Deteriorating external balances as consequence of soaring financial leverage
“Asia’s current account trend has undergone a dramatic change since the global financial crisis. On a four-quarter rolling sum basis, the Asia 11’s surplus has narrowed from a peak of USD726bn (6.3% of GDP) in Q3 2007 to USD327bn, (1.6% of GDP) in Q4 2012, the smallest surplus recorded since the Asian crisis in Q4 1997.”
“From the peak in 2007 to Q1 2013, current account surpluses have narrowed by more than 13pp of GDP in Hong Kong, Malaysia and Singapore and by 8-9pp of GDP in China, India and Thailand. The sharp narrowing swung the current accounts of India and Indonesia into deficits of 3.6% of GDP and 2.4% of GDP, respectively, in Q1 2013.”
“The narrowing of China’s current account surplus from 10.1% of GDP in 2007 to 2.3% of GDP in 2012 can be 83% explained by the surge in gross domestic investment from 41.6% of GDP in 2007 to 48.1% of GDP in 2012…In India and Indonesia, the swing to deficits has more to do with a lack of reforms causing domestic supply-side bottlenecks and crimping domestic savings. In other countries, the narrowing surpluses are chiefly a result of insufficient saving, which reflects the rapid build-up of debt.”
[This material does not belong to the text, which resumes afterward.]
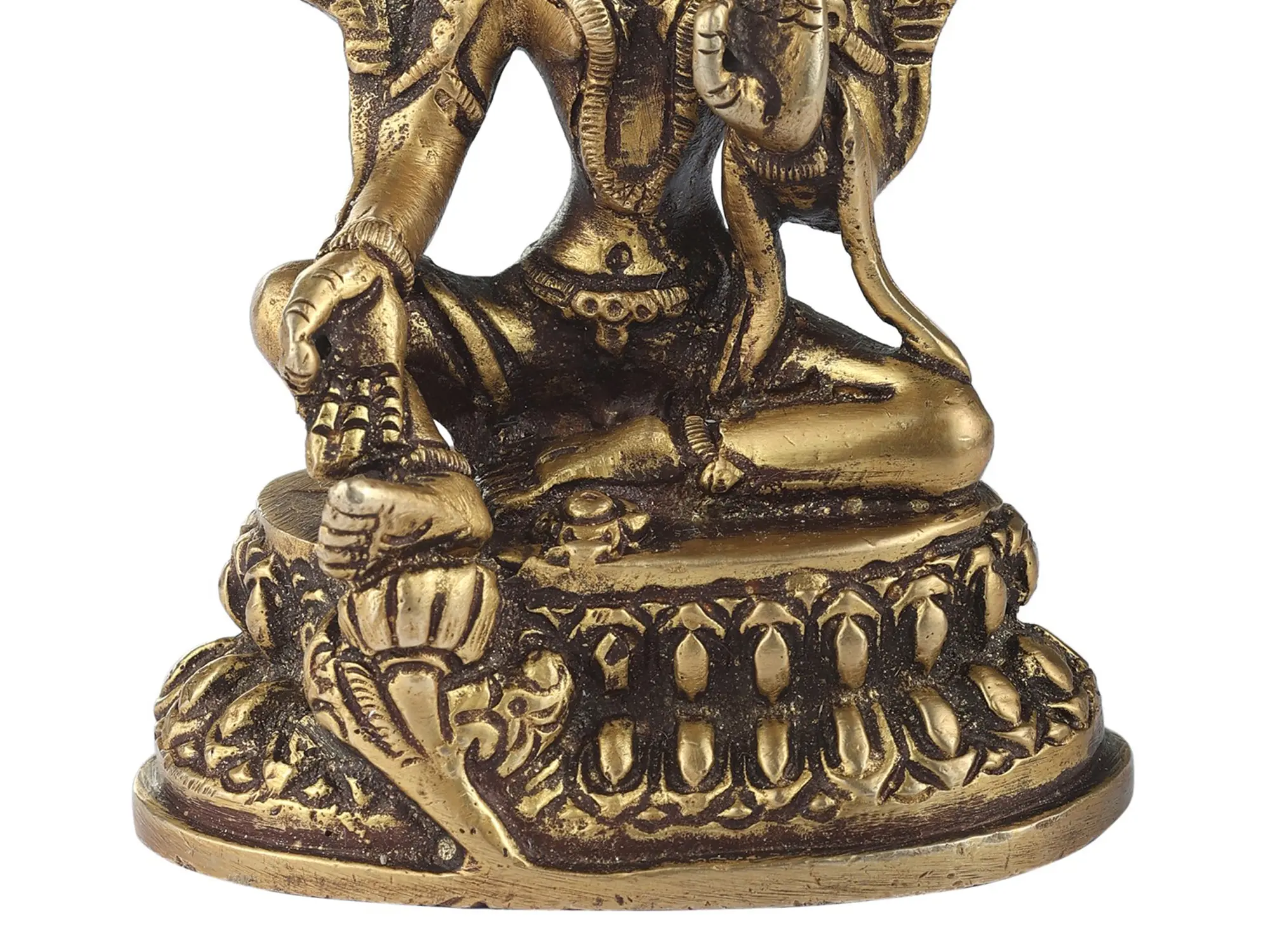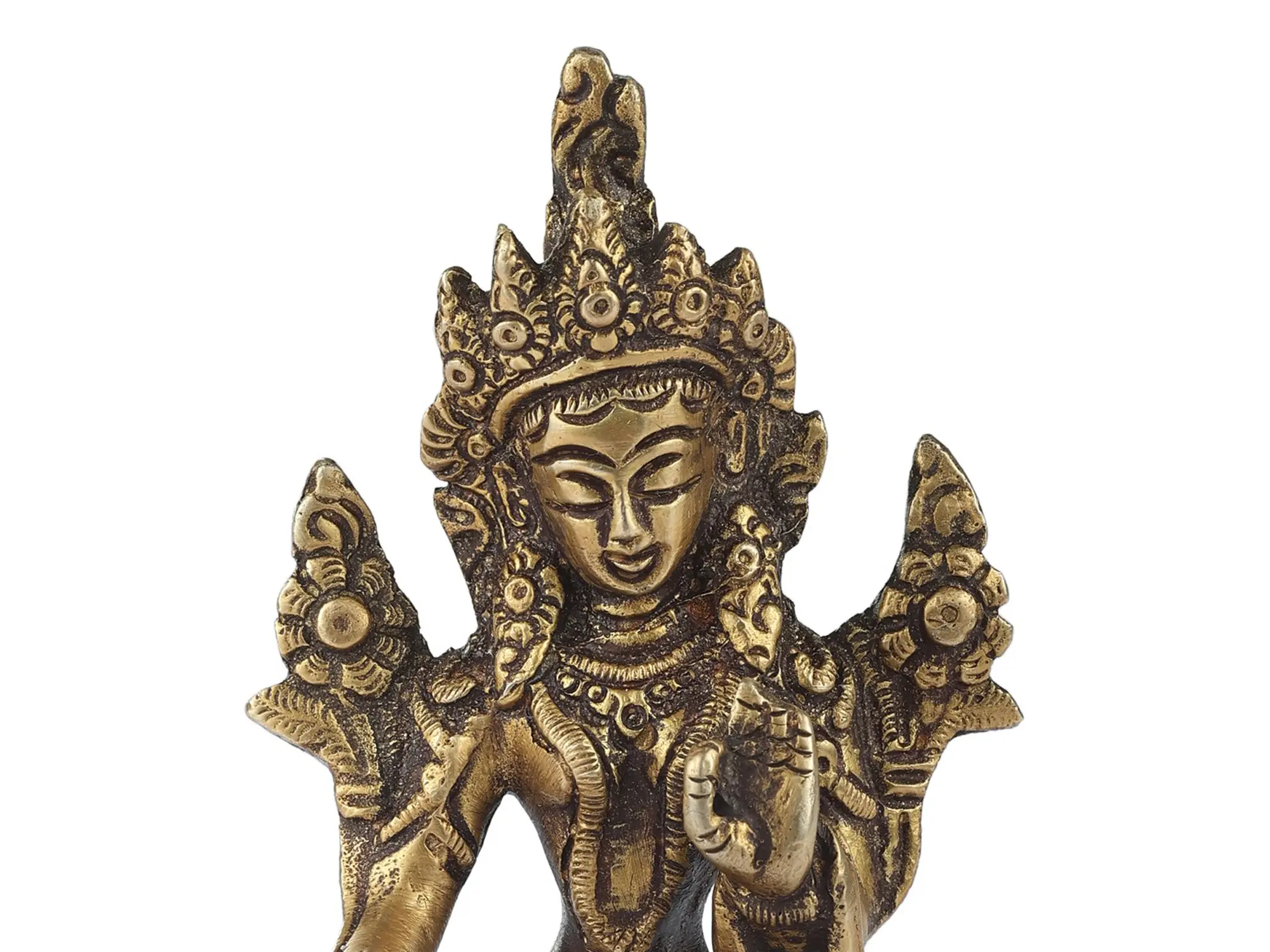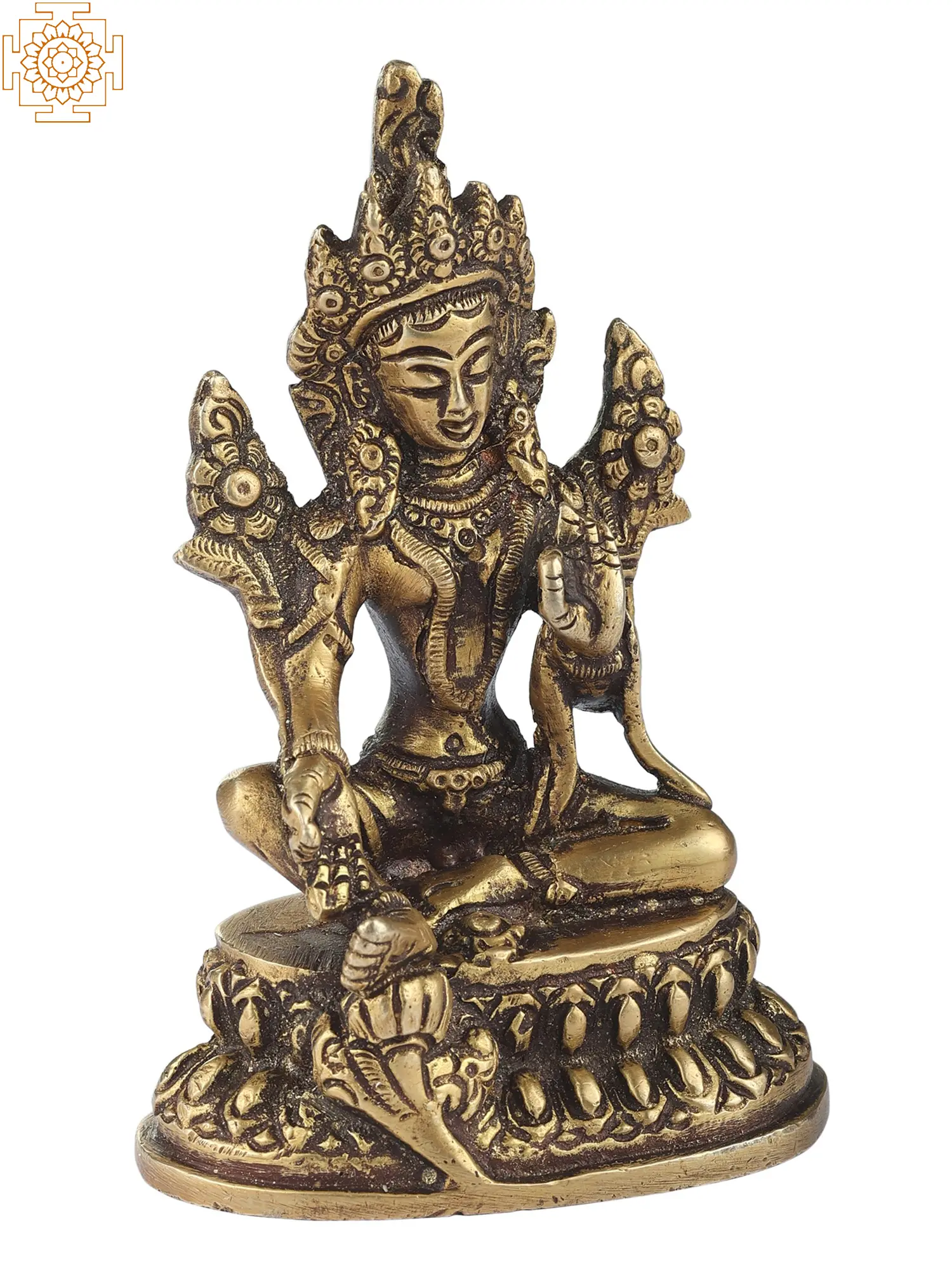 The representation of Karuna (compassion) of Bodhisattva Avalokiteshwara in Buddhism is known as Green Tara or Shyama Tara. On the lotus seat of this brass statue of Green Tara, she sits in a graceful posture, holding two flowers in her hands whose delicateness compliments her form. Adorned with traditional ornaments, goddess Green Tara exudes bliss in the ambiance with her heavenly presence.

“Asia’s average ratio of domestic private debt to GDP was 167% in 2012, significantly higher than in 1996 – and the property markets in most of these countries are frothy. It is not only the level of leverage, but also the speed of the buildup. In the four years since the global financial crisis, the ratio of private domestic debt to GDP has increased by over 50 percentage points (pp) of GDP in Hong Kong and Singapore, and between 30-40pp in Malaysia, Korea, China and Thailand. Based on the latest available data, domestic private credit is continuing to outpace nominal GDP in all countries but Korea.”
“Monetary policy is even looser once the stage of the financial cycle is taken into account. We measure the financial cycle for each country by combining domestic private credit and property prices. The financial cycles in most countries are currently above trend and out of sync with the business cycle.”
“Asia has come to rely increasingly on macroprudential tools in its attempts to contain credit and property market booms. But macroprudential tools are not the Holy Grail. These tools risk lulling central banks into a false sense of believing that policy has been sufficiently tightened only to find out that, over time, as loopholes are found, these tools have turned out to be a poor substitute for higher interest rates.”
Comparison to the 1990s Asian Crisis
“While Asia’s economic fundamentals have deteriorated since the global financial crisis, they are still much better than in 1996, but comparisons to 1996 may not be valid. To avoid future crises, the time to arrest the slide in the region’s fundamentals is now. As explained in the next section, this will require a move away from ultra-loose counter-cyclical policies and an increased focus on structural reforms. The one strong conclusion from this comparison is that, with the possible exceptions of India and Indonesia, balance of payments crises are much less likely, as Asia’s FX reserves are much larger than before the Asian crisis. Although, if remedial action is not taken soon, domestic financial crises in Asia will become more likely.”